Certification decision rules
- Credential eligible: final score at or above 75% and all mandatory evidence accepted.
- Conditional pass: score meets minimum threshold but minor corrections must be recorded in the learner file.
- Revise: score below threshold or major evidence gap; no credential until resubmission is accepted.
- Fail: artifact is unusable, unsupported, non-original or disconnected from the assessment scenario.
- Panel review: required when the evaluator and facilitator disagree on the final certification decision.
Audit trail
- Learner name or learner ID, cohort ID, course code and assessment version.
- Submission timestamp, file list, version numbers and evidence links.
- Rubric scores by component, assessor comments and total score calculation.
- Remediation requests, resubmission timestamp and final decision.
- Credential metadata: issuer, credential type, course code, issue date, expiry/renewal rule if applicable and verification reference.
Documentation quality bar
- The documentation can be understood by a supervisor who did not attend the workshop.
- The main artifact can be reviewed by legal, security, privacy, procurement or operations without rewriting the submission from zero.
- Every key recommendation has at least one evidence source and one responsible owner.
- Metrics are operational, not decorative: time saved, risk reduced, adoption rate, compliance status, service quality or implementation readiness.
- The final package shows what is ready now, what needs review and what cannot be implemented yet.
Assessor notes
- Score the artifact, not the confidence of the presentation.
- Reward clear ownership, documented constraints and realistic implementation sequencing.
- Penalize vague strategy language that has no workflow, data, evidence or decision owner behind it.
- Ask for clarification when a risk is named but no mitigation or owner is assigned.
- Use the executive defense to test whether the learner understands consequences and trade-offs.
Minimum passing result is 75%. A learner below the threshold receives a remediation decision rather than a credential release. A credential can only be issued when the final artifact, governance documentation and assessor record are complete.

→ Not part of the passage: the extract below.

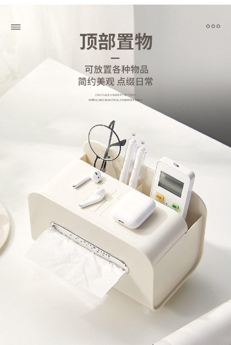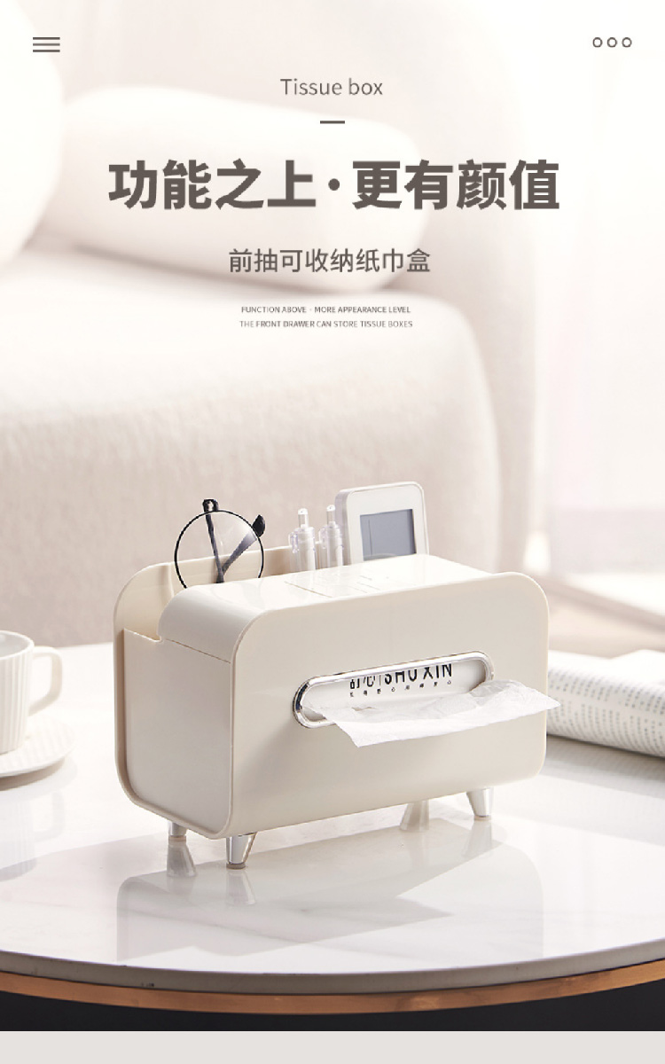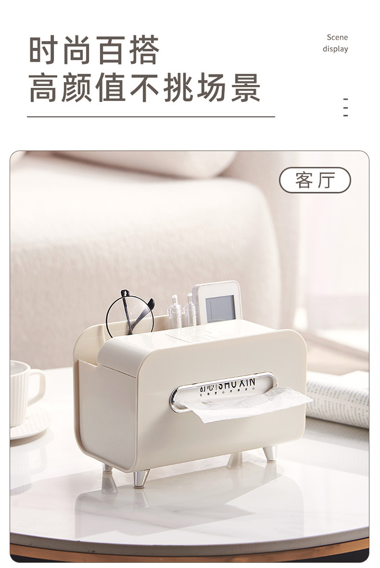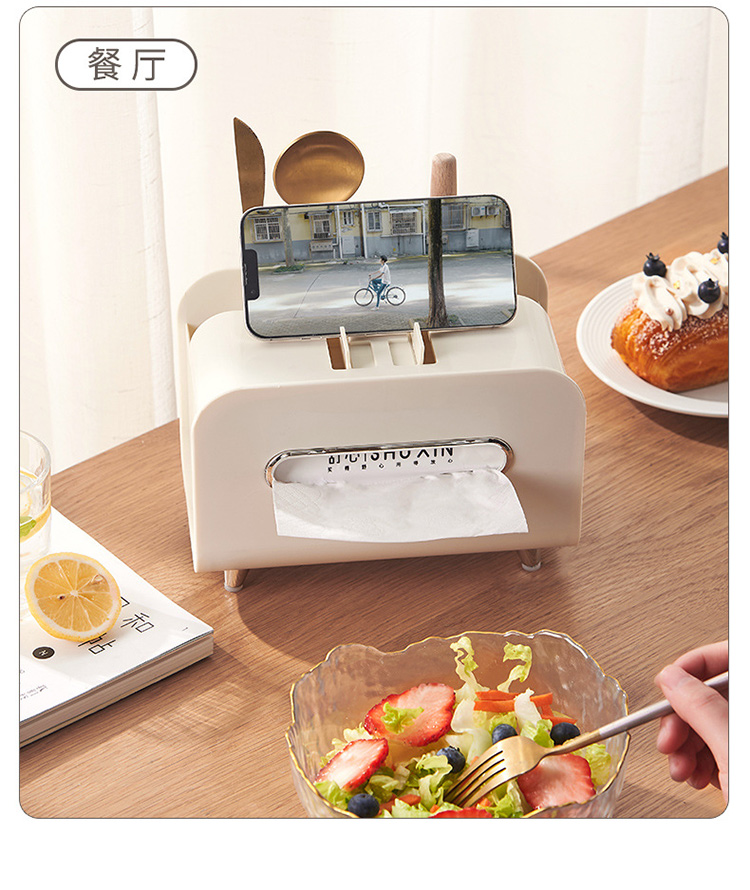 【奶油风纸巾盒】桌面轻奢风收纳盒抽纸盒 家用客厅茶几多功能遥控器手机支架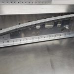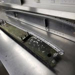 Mihalek added, “Currently we are working on finishing up the sub-assemblies that make up the B-25’s Center Section. This includes the two main left and right-hand fuselage sides. Because Sandbar Mitchell’s gear-up, forced landing caused extensive damage to these parts, all 14 fuselage formers are having to be re-manufactured in our shop. This includes countless hours drafting the parts in CAD off the original NAA drawings, re-designing the NAA forming tooling, cutting out test parts in MDF to compare to the originals, making both the tooling and aluminum blanks for the parts, press forming and then heat treating. Each rib takes about three days to make.”

Forms Used During Evaluation
- Learner ID
- Course code
- Cohort
- Artifact title
- Submission date
- Consent for credential processing
- Assessor assigned
- Public-sector problem
- Affected user group
- Current-state workflow
- Target-state change
- Constraints
- Risks
- Decision required
- Component score
- Weight
- Evidence reference
- Assessor comment
- Correction required
- Final weighted result
- Trade-off explained
- Residual risk
- Owner named
- Metric defined
- Implementation sequence
- Panel notes
- Final score
- Pass threshold
- Decision
- Credential type
- Issuer metadata
- Verification reference
- Release date
Credential Rule
Certificate eligibility requires course completion, complete artifact submission, final evaluation passage, assessor comments, audit trail and internal review. Credentials are issued through a verifiable credential-oriented model suitable for portfolio and wallet presentation.